许笑笑叹气,既然说不通,那就都闭嘴吧。

        车开到家,喵猫扶着笑笑进屋时,小声说:“我也不喜欢肖凯,一个大男人,油得像从锅里捞出来似的。”

        笑笑噗呲一声,笑了出来。

        “我觉得男人就应该像那位温医生一样,”喵喵说起劲了,“帅不帅的倒是其次,气质才最重要,对吧笑笑姐,当然了,人家温医生帅也是真帅,吊打十个肖凯都不成问题。”

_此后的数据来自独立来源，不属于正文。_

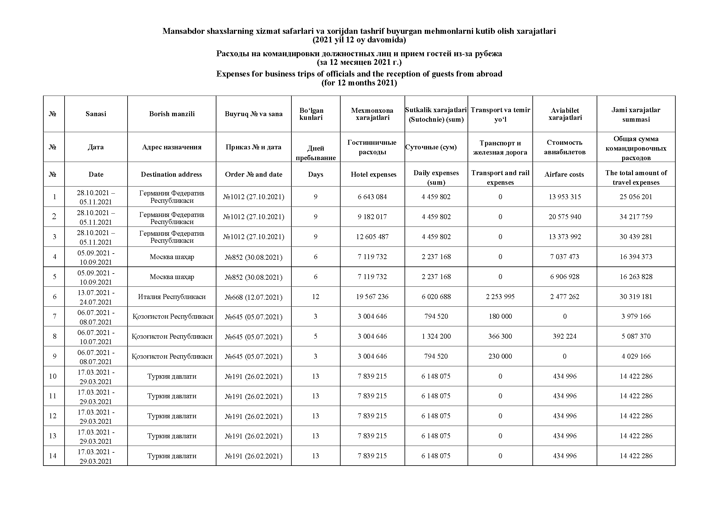 List of services trips

        许笑笑被喵喵的话彻底逗笑了,但笑过,嘴角又慢慢垮了下来。

        ......

        到了六月下旬,许笑笑和肖凯的新戏就要正式开拍了,开机前,制片方办了场酒会,打算先造一波热度出去。

        主要演员悉数到场,请来的各路媒体也都准备就绪。宴会厅里,许笑笑看了眼手表,盘算着还有多久可以离场。她今天说好要去看甘菊的。

        原本一切都很顺利,直到酒会过半,一阵眩晕攫取了许笑笑,她惊恐的看了眼自己的酒杯,脑子里冒出一个可怕的猜想——失.身酒。

        这念头一晃而过,她看了眼出口方向,步履虚浮地往休息室走去了。